3 de enero de 2009

Terrorismo de Estado

LAS PALABRAS NO SON INOCENTES. O, por mejor decir, el uso que se hace de ellas. Un ejemplo muy frecuente en nuestros días lo proporciona el término terrorismo, que utilizamos casi siempre más en la segunda acepción del Diccionario de la Real Academia, “sucesión de actos de violencia ejecutados para infundir terror” que en la primera, “dominación por el terror”.
Desde luego, si un fanático, movido por supuestos motivos políticos, descerraja un tiro en la nuca a una persona porque no piense como él o porque no se pliegue a sus propósitos, o hace estallar un coche bomba en un edificio público, se le podrá llamar con toda propiedad gramatical terrorista. Ello con independencia de que su objetivo de infundir terror se lleve a cabo de forma alevosa, sin riesgo alguno para quien lo mantiene, o bien entregando incluso la propia vida. Esos jóvenes, fanatizados por ideas religiosas que, en Irak o muchos otros lugares, hacen estallar los cinturones que llevan adosados a sus cuerpos, repletos de dinamita, no son menos terroristas que el que pega a un tiro en la nuca. Aunque haya que aceptar que al menos, en aras de sus fines, entregan la vida.

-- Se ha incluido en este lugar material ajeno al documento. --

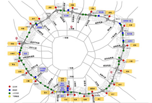 成都三环路是成都市中心城区一条环线城市快速道路,路线总长约51.08km,于2002年10月28日正式建成通车;依次经过金牛区、青羊区、武侯区、锦江区、龙泉驿区、成华区,沿线各区为成都市中心城区,涉及川陕立交,交大立交、羊犀立交、苏坡立交、草金立交、武侯立交、琉璃立交、娇子立交、航天立交、成渝立交、成南立交、龙潭立交、成绵立交等,合计 68 座桥梁和 4 座隧道,其中桥梁包含 33 座人行天桥、11 座跨线桥、24 座立交。由于桥梁现状(功能性、美观性)不足以满足新时代公园城市发展新要求及大运会契机下城市展示作用,因此需要对城市桥梁进行保养维护。
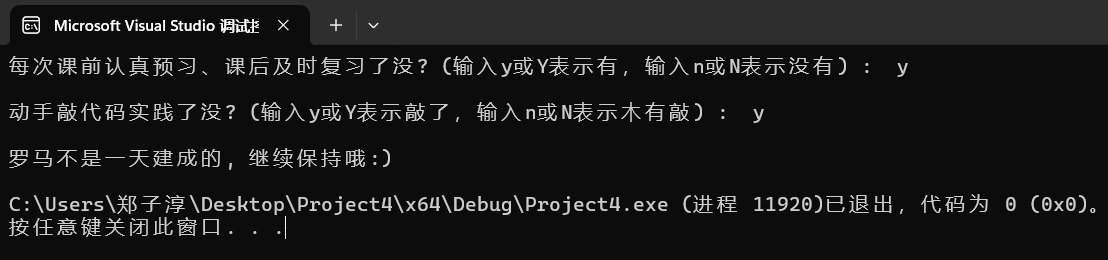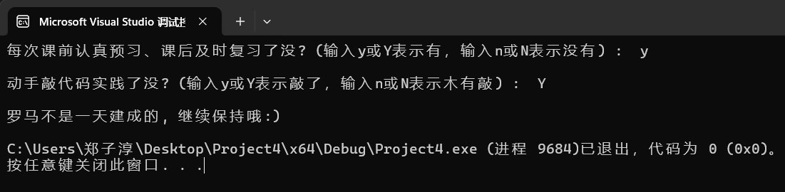 printf("\n罗马不是一天建成的, 继续保持哦:)\n");
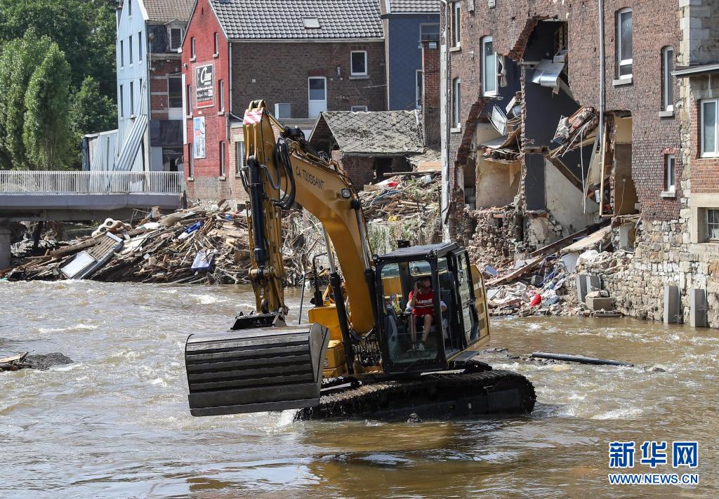 7月20日,一名工作人员在比利时受灾严重的佩平斯特操作挖掘机清理河道。
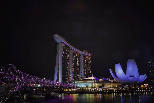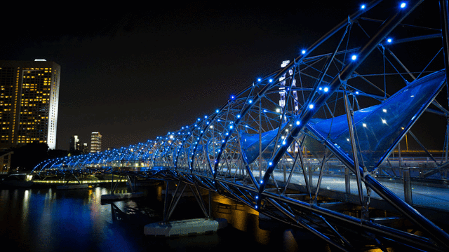 说回新加坡双螺旋桥,它是世界第一座人行螺旋桥。且它的材质是由不锈钢建材而建成。长约两百八十米、宽为六米。桥的对岸是著名的金沙酒店。桥中间有个圆形瞭望台,供人们休息和欣赏风景。

Sin embargo, la segunda acepción a la que antes nos referíamos suele ignorarse por los medios de comunicación. Porque es cierto que la “dominación por el terror” no está al alcance de individuos o grupos más o menos organizados, de recursos limitados, pero sí de los estados, los militares de esos estados, que utilizando modernísimos e indestructibles aviones bombardean impunemente aldeas, ciudades, matando con sus misiles a centenares de personas, en Gaza o en Afganistán, pongamos por caso, todas inocentes, salvo que la presunción de inocencia pueda ignorarse según convenga. Esos estados, sus dirigentes, jefes de Gobierno, ministros, podrían ser calificados de terroristas con tanto o más acierto que el joven del cinturón explosivo, pero raramente los encontramos así tildados en periódicos y televisiones. Por el contrario, se les acoge amistosamente en recepciones oficiales en medio mundo, se les estrechan calurosamente las manos por dirigentes políticos, posan en fotos de familia… La hipocresía que ello supone clama al cielo.